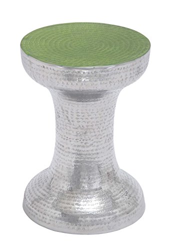Product Description17" Contemporary Hammered Aluminum and Iron Pedestal Accent Table with Painted Green Top, flat bottom base0
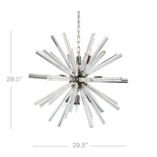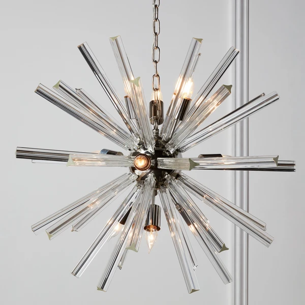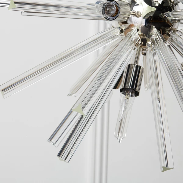 The Axis takes all the style of a modern-day Sputnik-influenced lamp and gives it an elevated look. Large spokes are solid glass in a triangular shape, providing multiple angles for reflection of light.
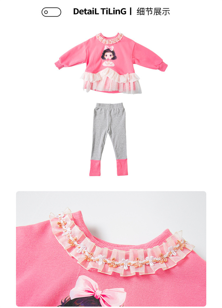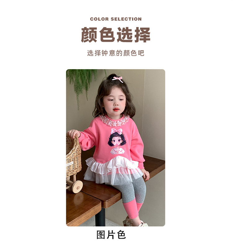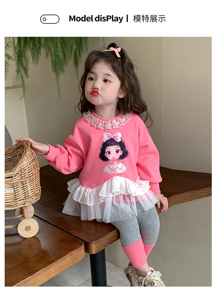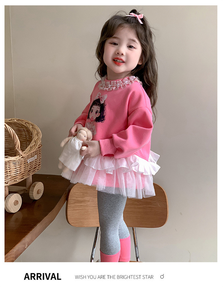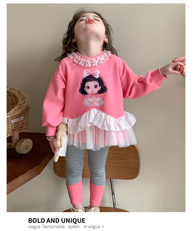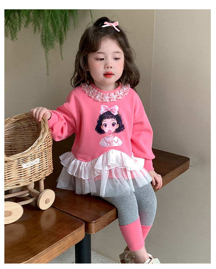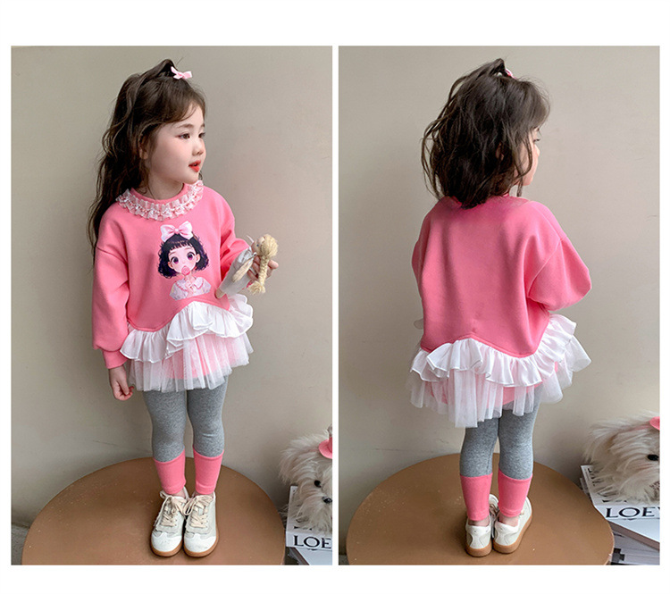 소녀의 세련된 유행 세트 봄과 가을 아기 소녀의 메쉬 땀 봄 원피스 어린 소녀의 레깅스 2 피스 세트
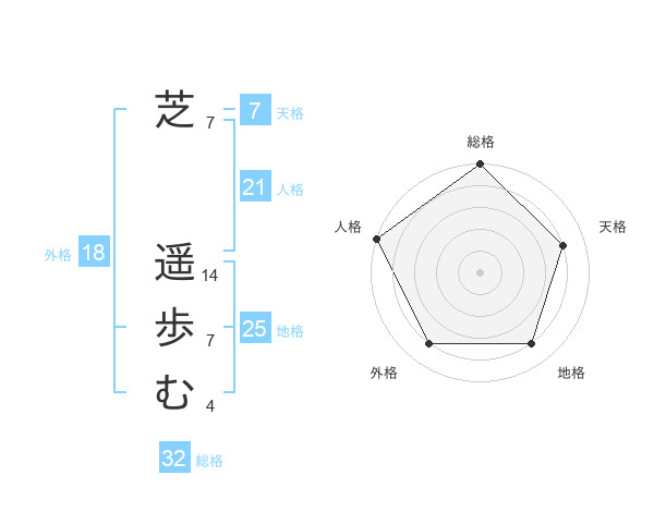 芝 遥歩むさんを姓名の画数から五運を鑑定
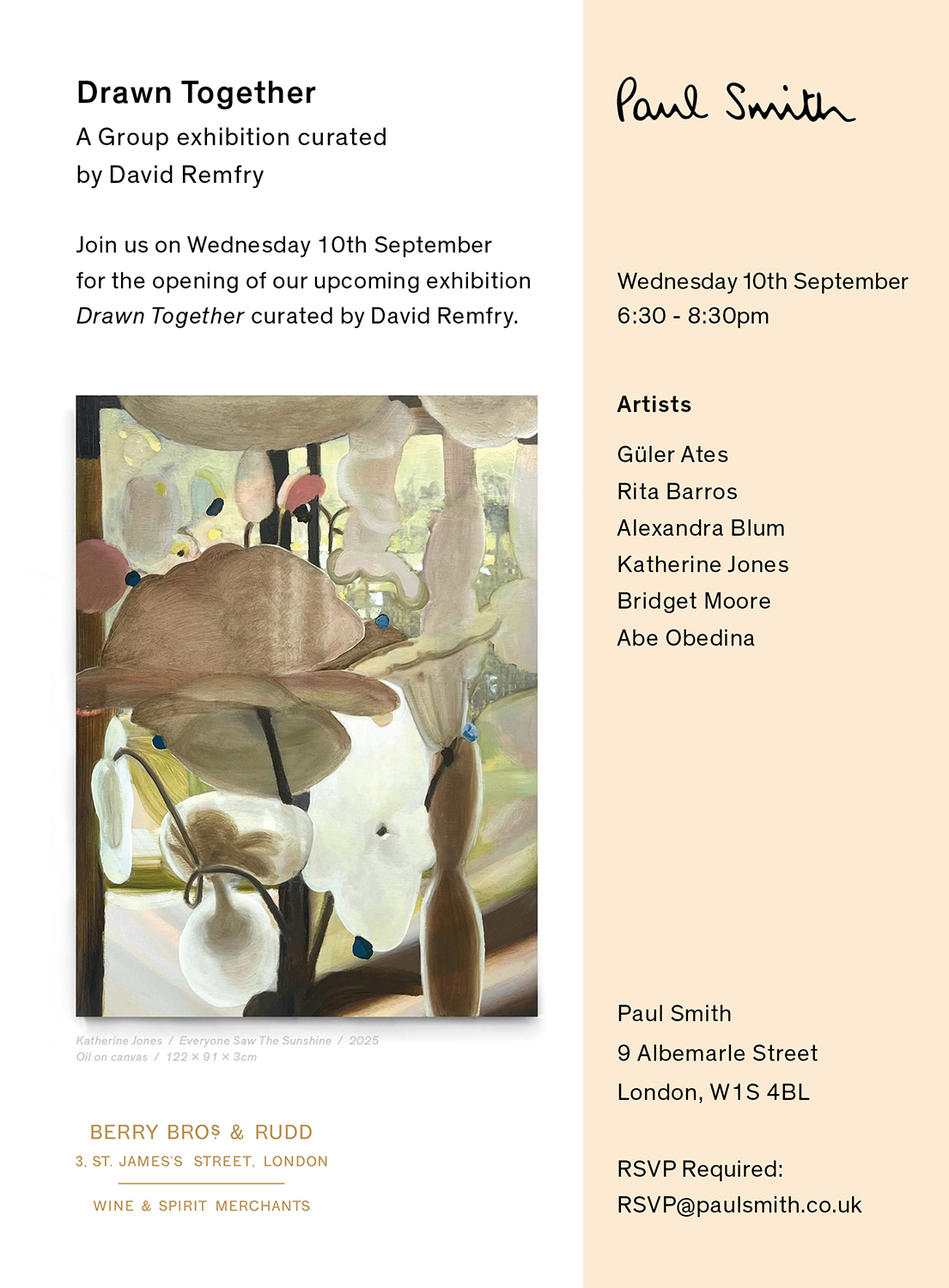 -Drawn Together, A group exhibition curated by David Remfry, Paul Smith Space, 9 Albermarle Street, London Invite September 11, 2025- November 11, 2025
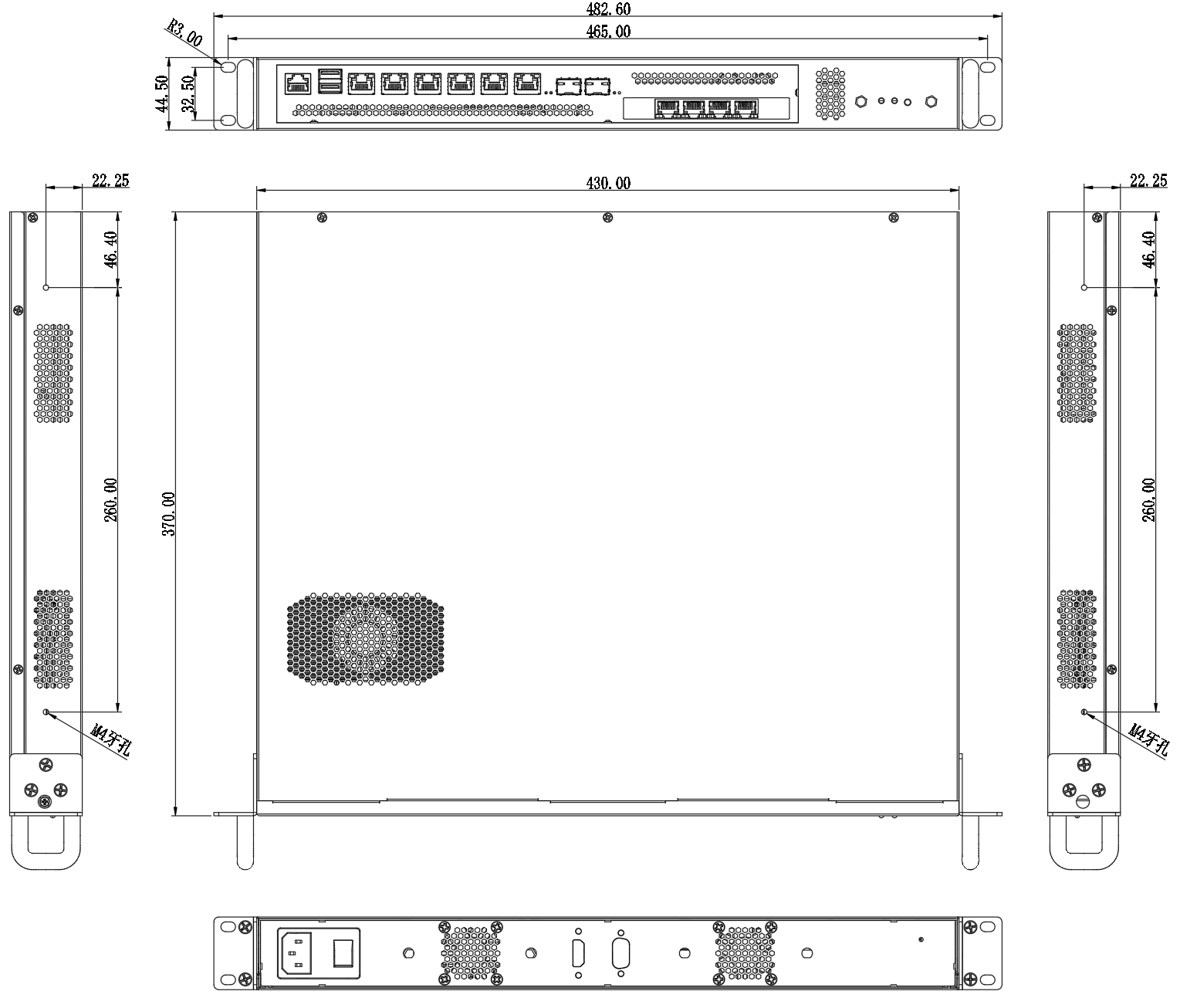 483(寬)x370()x44.5(高) mm (含掛耳)
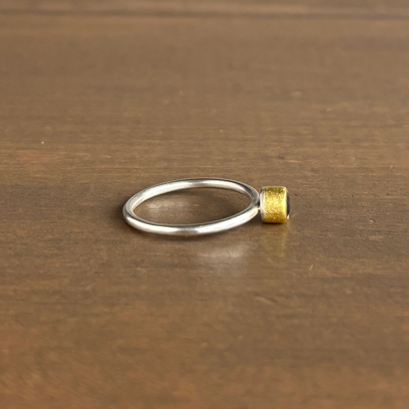 With a lifelong intrigue of gemstones and an interest in mathematics, Sam was lured into the metal arts. Learning to manipulate metal and work with stones has led his work into what it is today. He finds not only the amazing colors gems produce, but also their raw crystal structures, intriguing. The use of this and different color combinations of metal alloys lets him explore designs in shape as well as depths along another plane of vision.
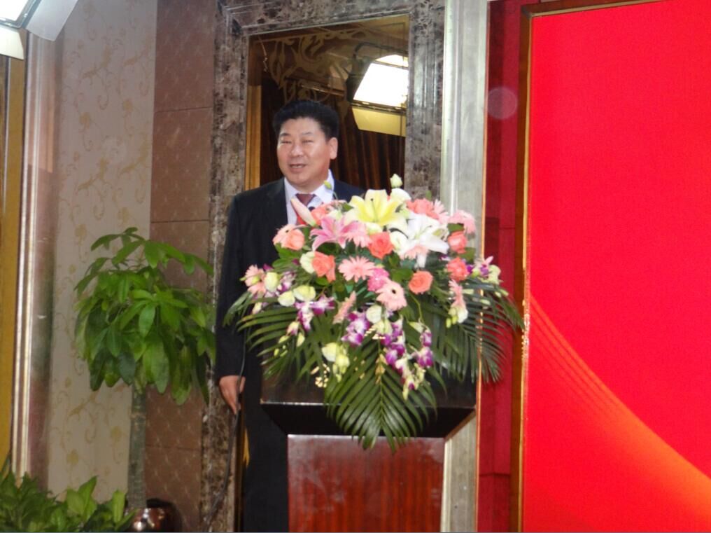 成都金瑞建工机械有限公司董事长刘成秀做《专注搅拌设备:创一流企业,造建机精品》的主题发言。
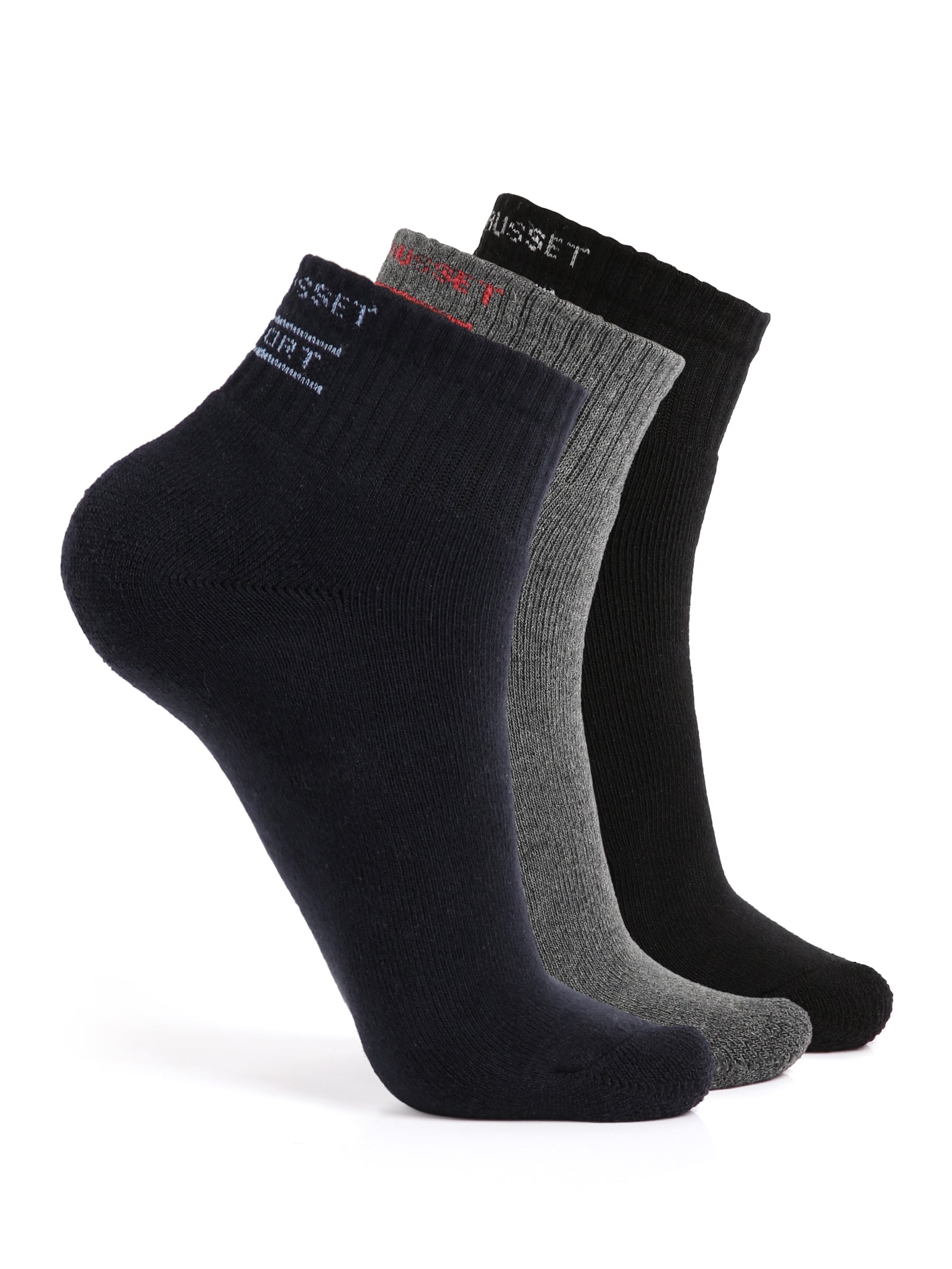 Experience superior comfort and performance with the Crusset Men's Ankle Length Sports Socks Pack of 3. Crafted with a premium cotton blend, these socks are ultrasoft, quick-absorbing, and feature 4-way stretch technology to provide an optimal fit that moves with your body. Whether you're hitting the gym, going for a run, or simply wearing them for everyday use, these socks are designed to keep your feet dry, fresh, and comfortable all day long.

_ _ _

** Prompt **
The records above should be repeated exactly, with no pictures in the copy.

** Problem solution **
Product Description17" Contemporary Hammered Aluminum and Iron Pedestal Accent Table with Painted Green Top, flat bottom base0
 The Axis takes all the style of a modern-day Sputnik-influenced lamp and gives it an elevated look. Large spokes are solid glass in a triangular shape, providing multiple angles for reflection of light.
 소녀의 세련된 유행 세트 봄과 가을 아기 소녀의 메쉬 땀 봄 원피스 어린 소녀의 레깅스 2 피스 세트
 芝 遥歩むさんを姓名の画数から五運を鑑定
 -Drawn Together, A group exhibition curated by David Remfry, Paul Smith Space, 9 Albermarle Street, London Invite September 11, 2025- November 11, 2025
 483(寬)x370()x44.5(高) mm (含掛耳)
 With a lifelong intrigue of gemstones and an interest in mathematics, Sam was lured into the metal arts. Learning to manipulate metal and work with stones has led his work into what it is today. He finds not only the amazing colors gems produce, but also their raw crystal structures, intriguing. The use of this and different color combinations of metal alloys lets him explore designs in shape as well as depths along another plane of vision.
 成都金瑞建工机械有限公司董事长刘成秀做《专注搅拌设备:创一流企业,造建机精品》的主题发言。
 Experience superior comfort and performance with the Crusset Men's Ankle Length Sports Socks Pack of 3. Crafted with a premium cotton blend, these socks are ultrasoft, quick-absorbing, and feature 4-way stretch technology to provide an optimal fit that moves with your body. Whether you're hitting the gym, going for a run, or simply wearing them for everyday use, these socks are designed to keep your feet dry, fresh, and comfortable all day long.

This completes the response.